As part of the rate-setting process,
the Commission must also design rates which allow the utility an opportunity to
recover its revenue requirement (operating expenses plus a return of and on
investment). Revenue requirements can
be recovered through three different types of charges or rates: customer or
fixed charges;[6] usage or
energy (kWh) charges; and demand (kW) charges.
Pursuant to the enactment of the Electric Rate Reform Act in the mid-1980s,[7] the Commission endeavored to design electric rates in a manner that more closely reflected the underlying costs of service. This involved establishing rates based on the marginal cost of service, designing rates to reflect cost differences between seasons and time-of-day, and adopting inverted block rates (in which rates increase with higher usage amounts) for residential customers. This approach to ratemaking was intended to promote economic efficiency and the proper allocation of societal resources.
Operational
Efficiency
Because
utility rates are reset periodically based on an examination of the utility’s
ongoing costs, traditional regulation does not provide strong incentives for
utilities to conduct their business in the most efficient manner or to provide
their service at the lowest possible cost.

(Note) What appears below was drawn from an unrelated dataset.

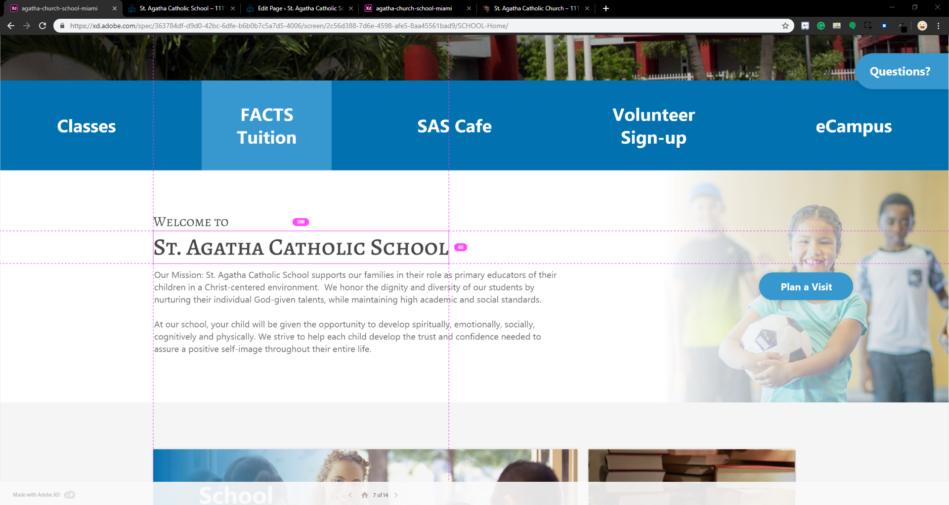 - The whole element (title, text, picture/gradient, button) welcome div, needs to be taller too. 383px current, 454 in church proof. 558 in school proof. Either way too small. Talk to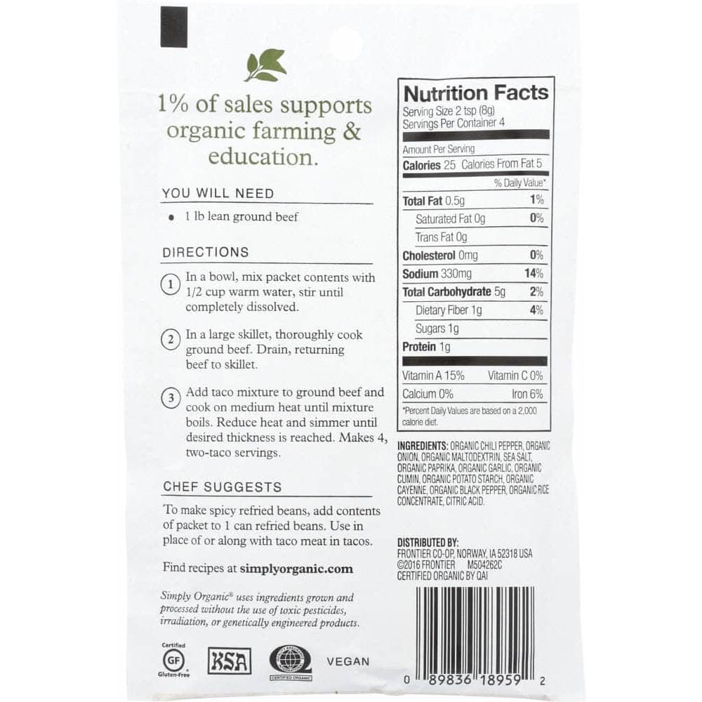 Simply Organic Seasoning Mix Spicy Taco, 1.13 Oz (Case of 5)

As a practical matter, the Commission’s traditional review cannot
uncover all potential inefficiencies, and the regulatory approach does not
provide incentives for efficient business operations to nearly the same degree
as a competitive market. Unlike a
competitive business that must price its product based on what the market will
bear, a utility whose costs are rising, or whose shareholder returns are
considered insufficient, can file for a rate increase. Conversely, a utility that is able to reduce
its costs through efficiency measures faces the possibility that ratepayers or
the Commission will initiate a rate case to lower rates on the grounds that the
utility’s returns are too high. Thus,
the traditional regulatory system does not instill the type of business
discipline that occurs in competitive markets.
Reliability Incentives
Under
traditional regulation, utilities were guaranteed the opportunity to obtain a
fair return on their total capital investment (referred to as ratebase). In addition, under certain circumstances, a
utility might be able to enhance its earnings per share by making additional
investments in its plant.[8] Given the utilities’ near guarantee of
recovery of investment in their systems, the incentive for utilities was to
“gold-plate” their systems to some degree to reduce any potential reliability
problems that might lead to negative public reactions and greater Commission
scrutiny. Traditional regulation has
limited effectiveness in protecting against “overbuilding” and its resulting
unnecessary increases in rates.
To
the extent that reliability problems existed despite the general incentive in
favor of capital expenditures,[9]
the primary remedy under traditional regulation was for the Commission to react
to individual customer complaints. In
addition, as part of a rate case proceeding, the Commission would ordinarily
hold public witness hearings where customers of the utility could testify about
any service problems. This testimony
was often anecdotal and did not provide an objective basis to determine whether
the utility was in fact providing adequate and reliable service on a
system-wide basis. If the Commission
found that the utility was violating its general obligation to provide
reasonably reliable and adequate service, the primary tool for addressing the
matter was to penalize the utility through a reduction in the utility’s return
on equity. While any attempt to reduce
a utility’s return on equity due to service quality issues would likely be
contested and subject to court review, the potential for the Commission to act
in this manner provided some incentive for utilities to maintain adequate service.
Efficiency Incentives
Under
traditional regulation, utilities have the financial incentive to
promote the consumption of electricity, and little incentive to pursue energy
efficiency or conservation.[10] This is because total company revenues (and
thus profits) are a function of sales volumes.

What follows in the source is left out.